This lease shall continue in force and the rights granted hereunder be quietly enjoyed by the Lessee for a term of five (5) years and so much longer thereafter as oil gas and/or coalbed methane gas or their constituents are produced or are capable of being produced on the premises in paying quantities in the judgment of the Lessee or as the premises shall be operated by the Lessee in the search for oil gas and/or coalbed methane gas and as provided in Paragraph 7 following.

(Id. at Ex. “B”, ¶ 5).

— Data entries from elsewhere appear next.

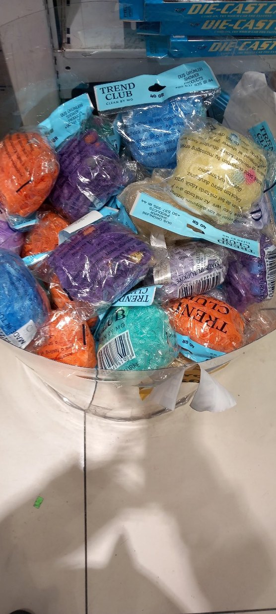 Çeşitli canlı renklerde, tek tek paketlenmiş yumuşak dokulu banyo süngerleri. Nazik temizlik için uygundur.
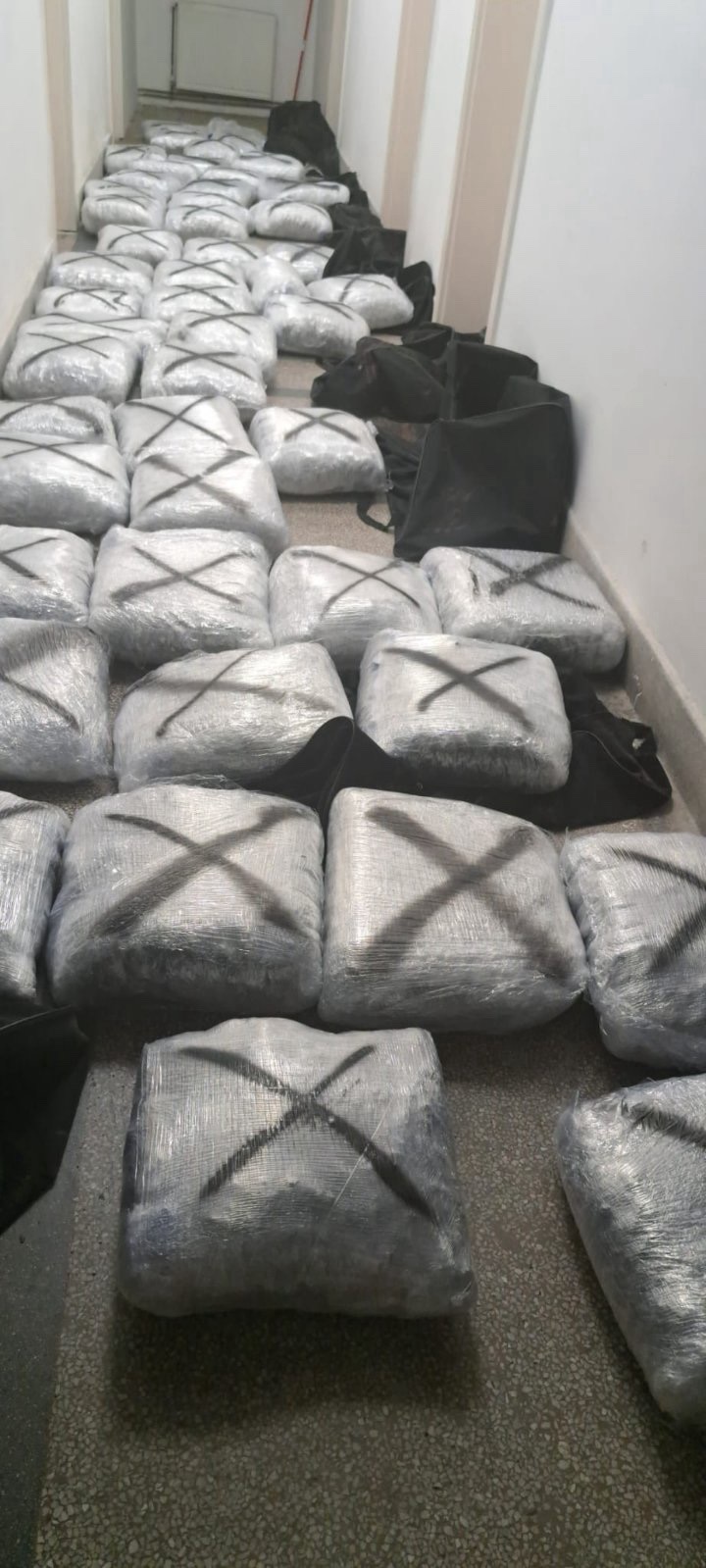 При извршен преглед на задната клупа и багажниот простор на возилото, биле пронајдени осум торби со вкупно 50 пакувања марихуана. По извршеното вештачење во Одделот за форензички испитувања при МВР, утврдено е дека станува збор за околу 150 килограми марихуана.
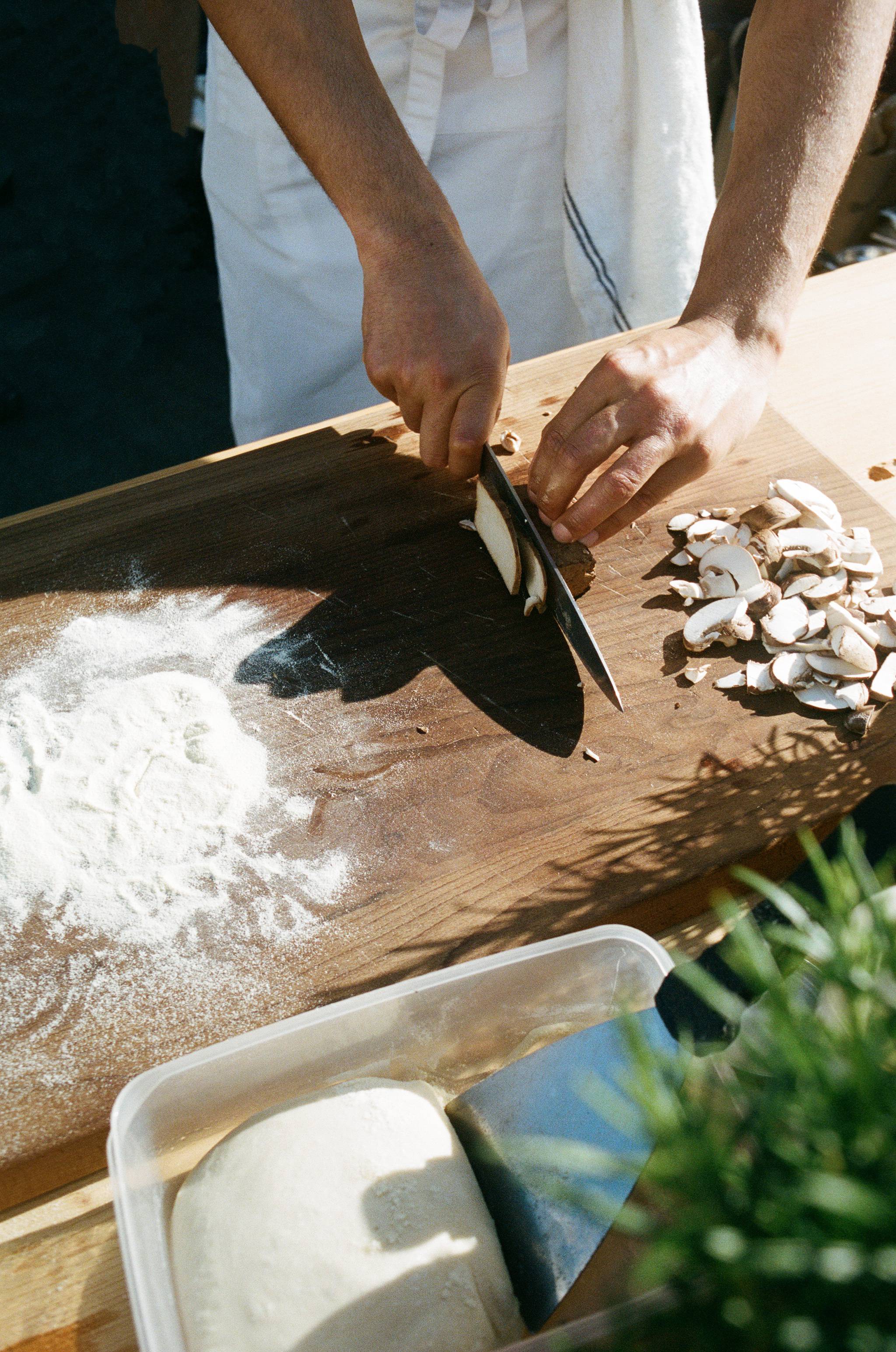Auch beim Pizzabelag plädiert Tom Philips für gute Qualität: “Eine Pizza braucht nicht viel Belag, wenn die Zutaten gut sind.” Gerade Gemüse braucht aber die richtige Vor- und Zubereitung, damit es auch richtig gut schmeckt. “Zucchini und Melanzani würde ich grillen und würzen, bevor ich sie auf die Pizza lege. Zwiebeln kann man karamellisieren oder einlegen, damit sie süßer und milder werden. Man kann zum Beispiel auch Süßkartoffelwürfel im Ofen vorbacken, bevor sie auf die Pizza gelegt werden”, empfiehlt Tom.
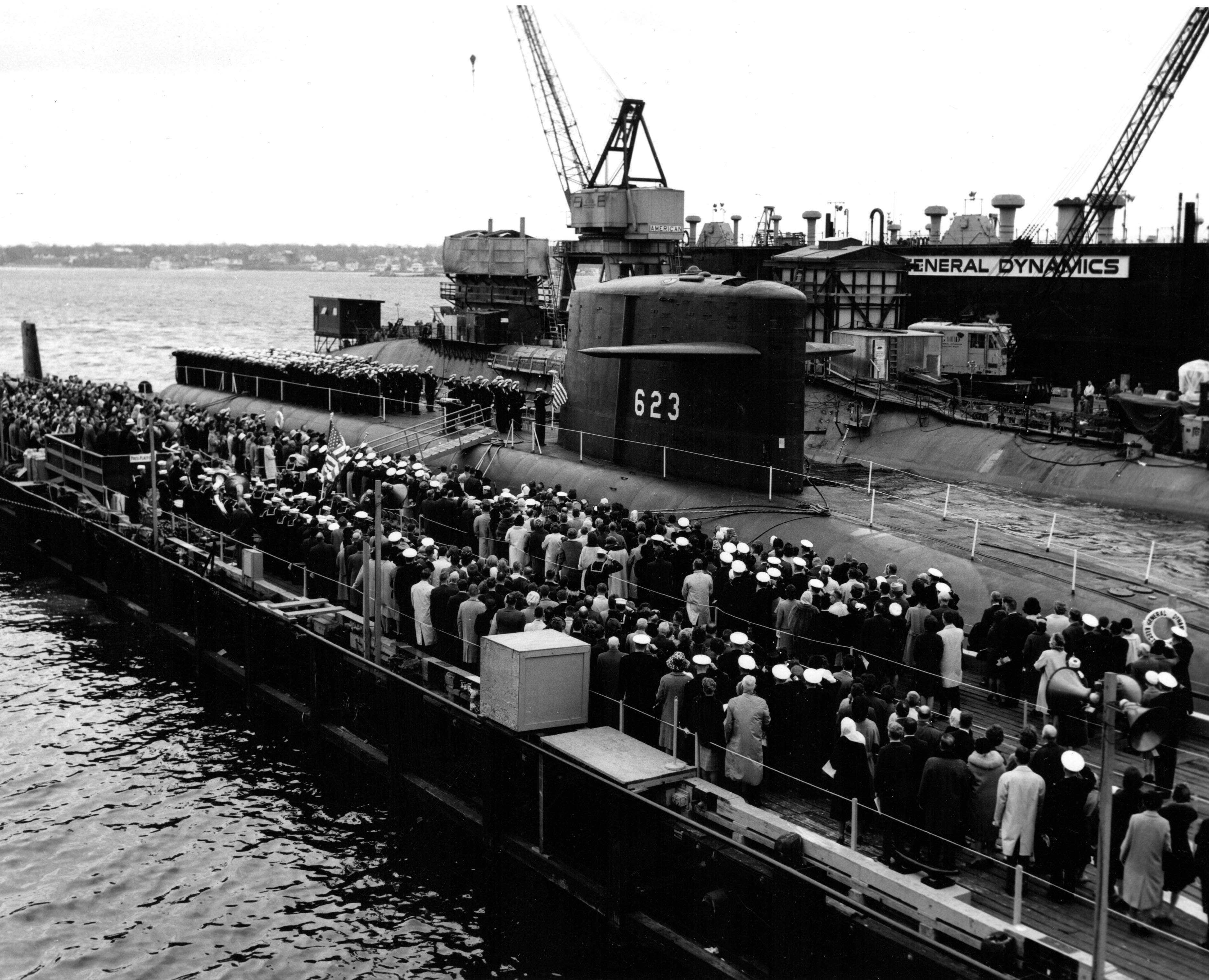 ![]() | 919k | The Nathan Hale (SSBN-623) crowd at the commissioning at General Dynamics Electric Boat on 23 November 1963. The Daniel Webster (SSBN-626) is the boat to the right, I believe. She would be commissioned on 9 April 1964. | Photo from the files of the Vallejo Naval & Historical Museum via Darryl L. Baker. | |
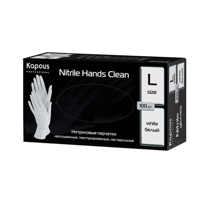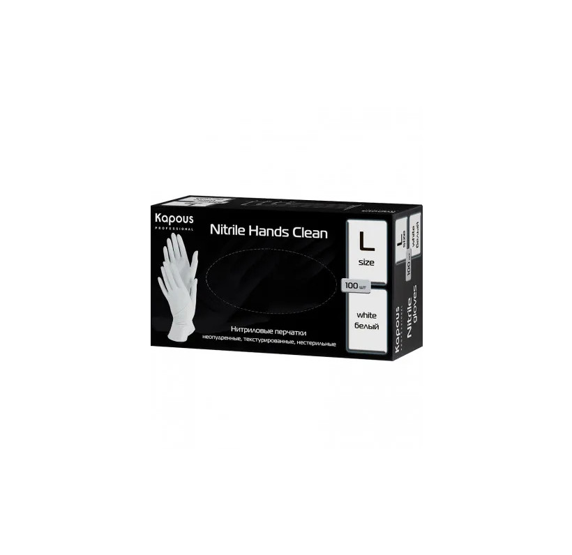 Нитриловые перчатки неопудренные, текстурированные, нестерильные «Nitrile Hands Clean» Kapous, белые L
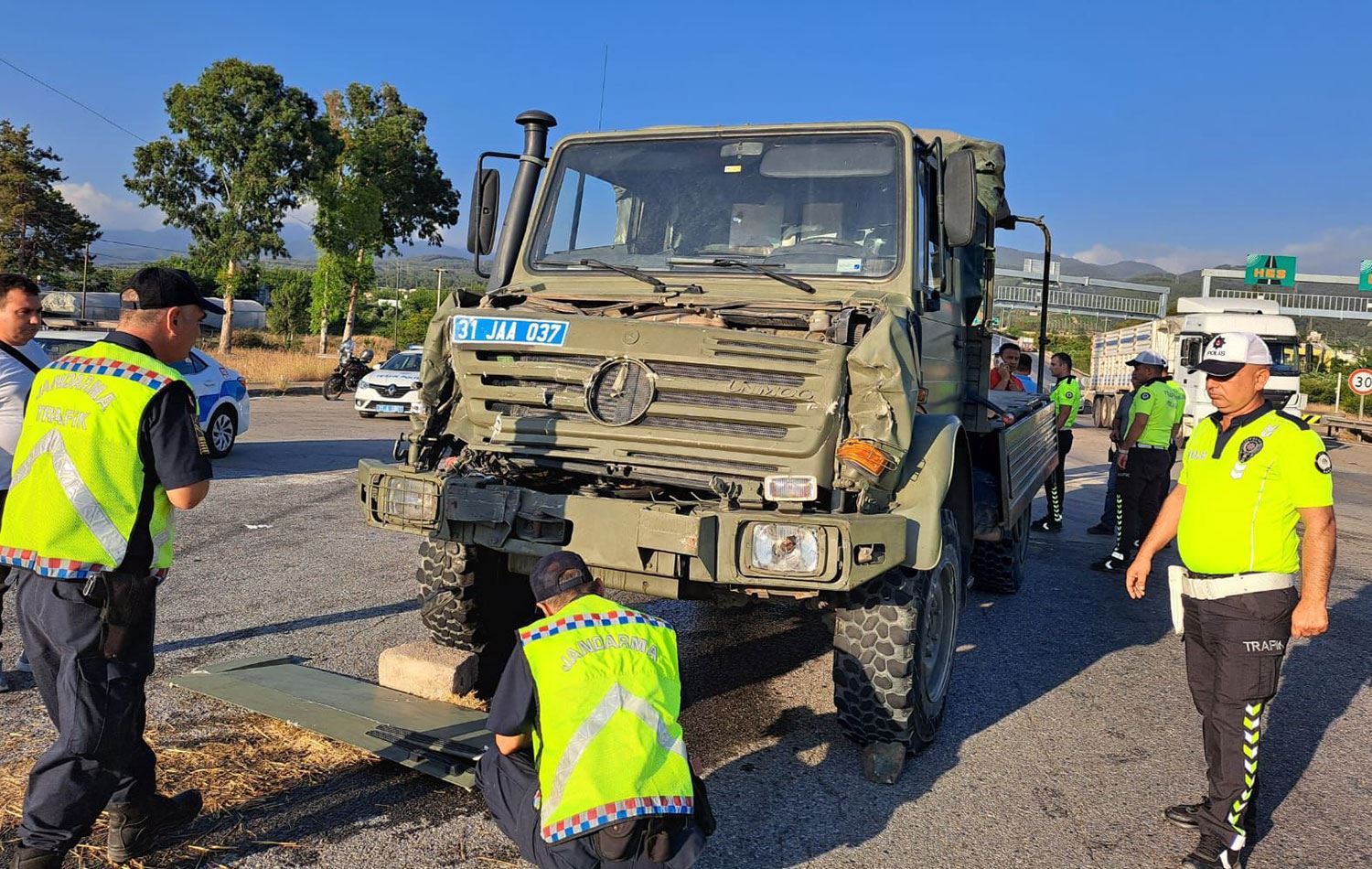 Alınan bilgiye göre, askeri araç, Dörtyol'dan İskenderun’a doğru seyreden H.Ç.’nin kullandığı 51 HC 358 plakalı TIR’a arkadan çarptı.
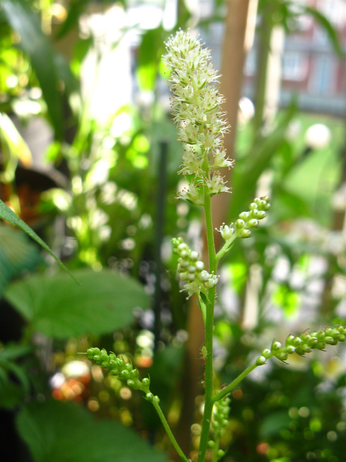 (if it flowers this year) the Monkshood. The open flowers are white though and I don't really mind it.
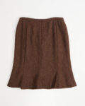 Юбка выполнена из плотной шерсти в глубоких коричневых оттенках. Посадка аккуратная по линии талии, силуэт мягко расширяется к низу и создает ровное, спокойное движение при ходьбе. Конструктивные швы формируют чистую линию и подчеркивают архитектуру кроя.
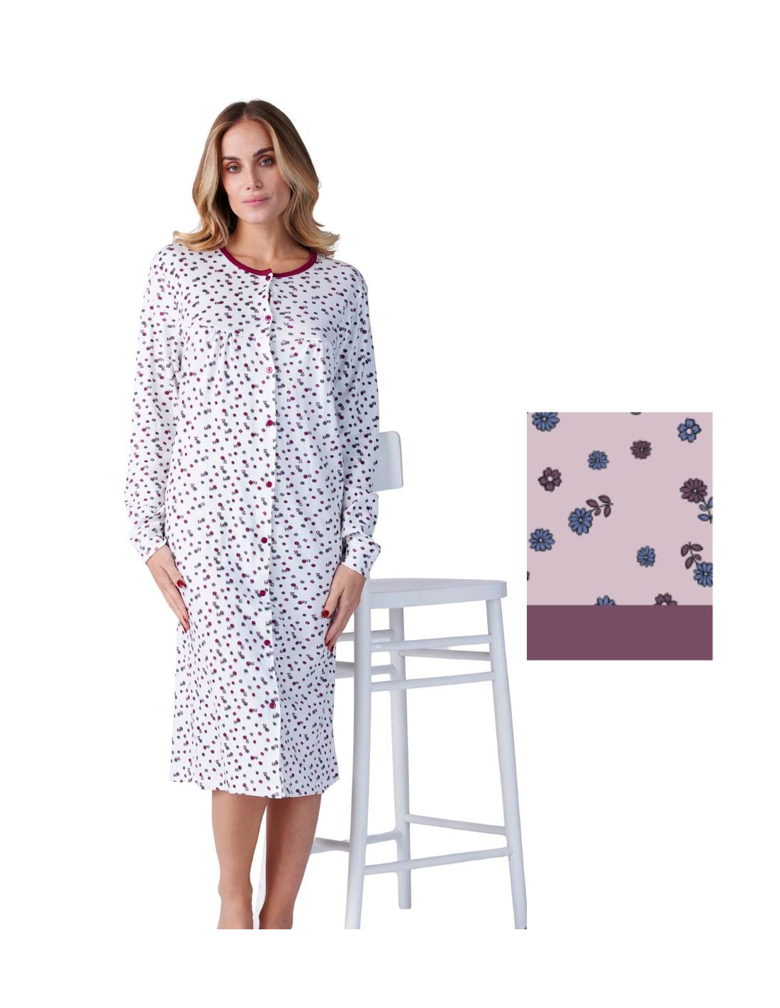 Fantasy warm cotton jersey (medium weight) clinic nightdress with long sleeves and full opened.
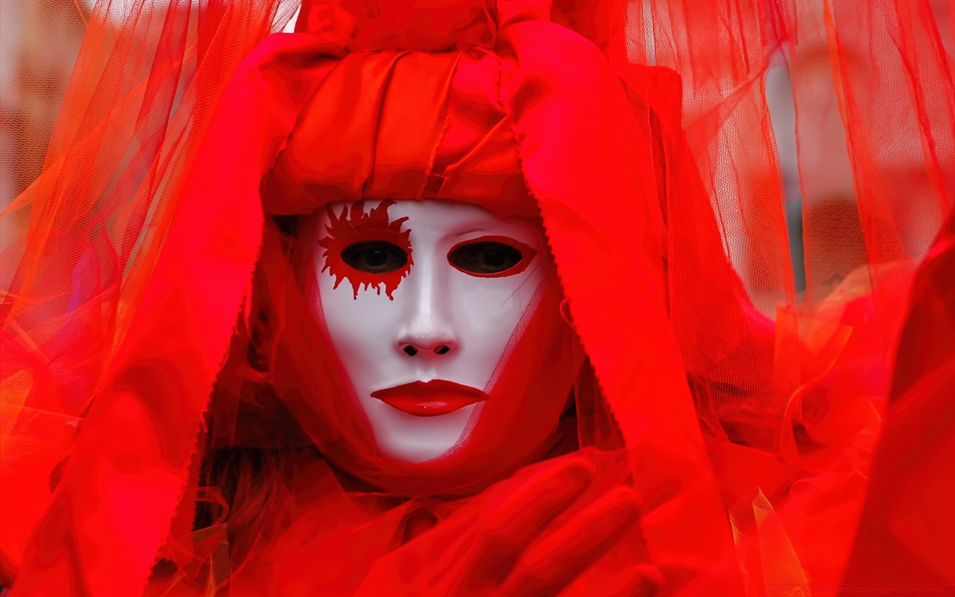 Biała maska z czerwoną szminką w czerwonym garniturze
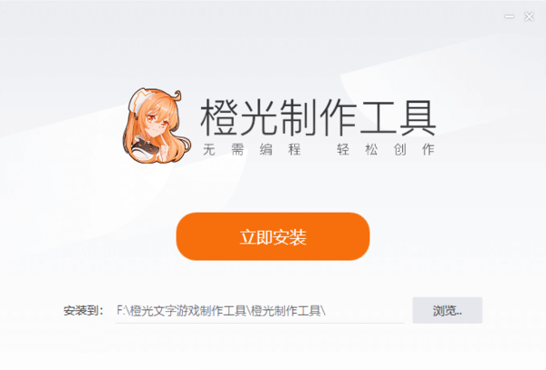 方法一:直接在本站下载橙光文字游戏制作工具安装包,下载完安装包后的,点击打开。在安装向导界面,点击“浏览”自定义安装路径,更改好安装路径文件后,点击立即安装就行了。
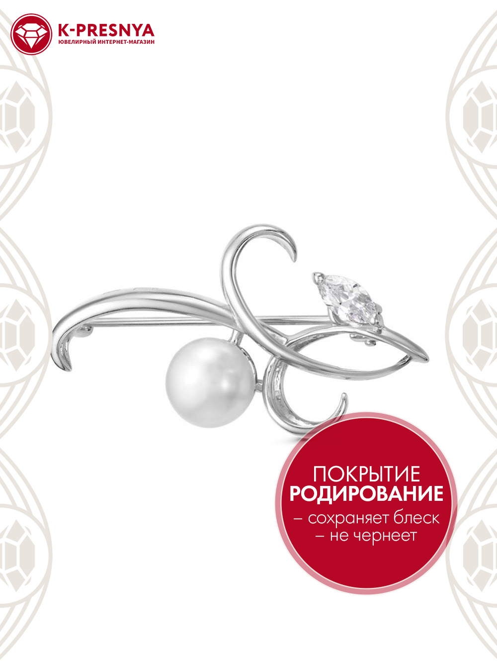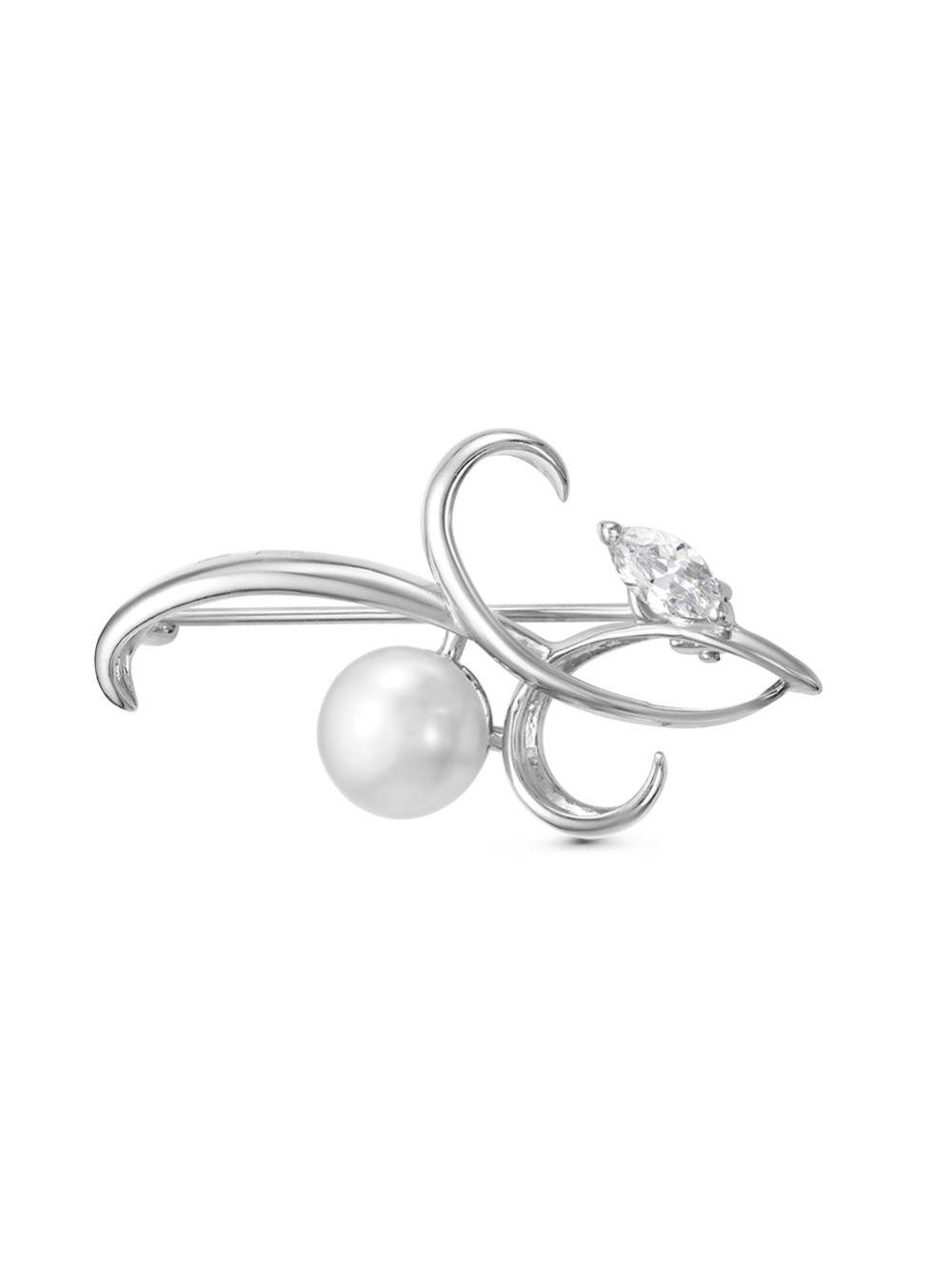 Брошь серебро 925 пробы, покрытие - родирование, вставка - культивированный жемчуг, фианит (недрагоценный камень)

Prior to the expiration of the primary term, Defendants exercised their rights under Paragraph 19 of the Lease and extended it for an additional five (5) years. (See Doc. 1, ¶ 16; see also id. at Ex. “B”, ¶ 19 (“This Lease may at Lessee's option be extended as to all or part of the lands covered hereby for one additional primary term of five (5) years commencing on the date that the lease would have expired but for the extension.”)). After the extension of the original primary term of the Lease, “Defendants failed to comply with the terms of the Lease and as such, the Lease expired by its own terms on October 11, 2017.” (Id. at ¶ 16). Specifically, Defendants attempted to “hold the Lease by production” by violating the terms of the Lease, namely, the Lease's unitization provision. (See id. at ¶ 17 & Ex. “B”, ¶ 8).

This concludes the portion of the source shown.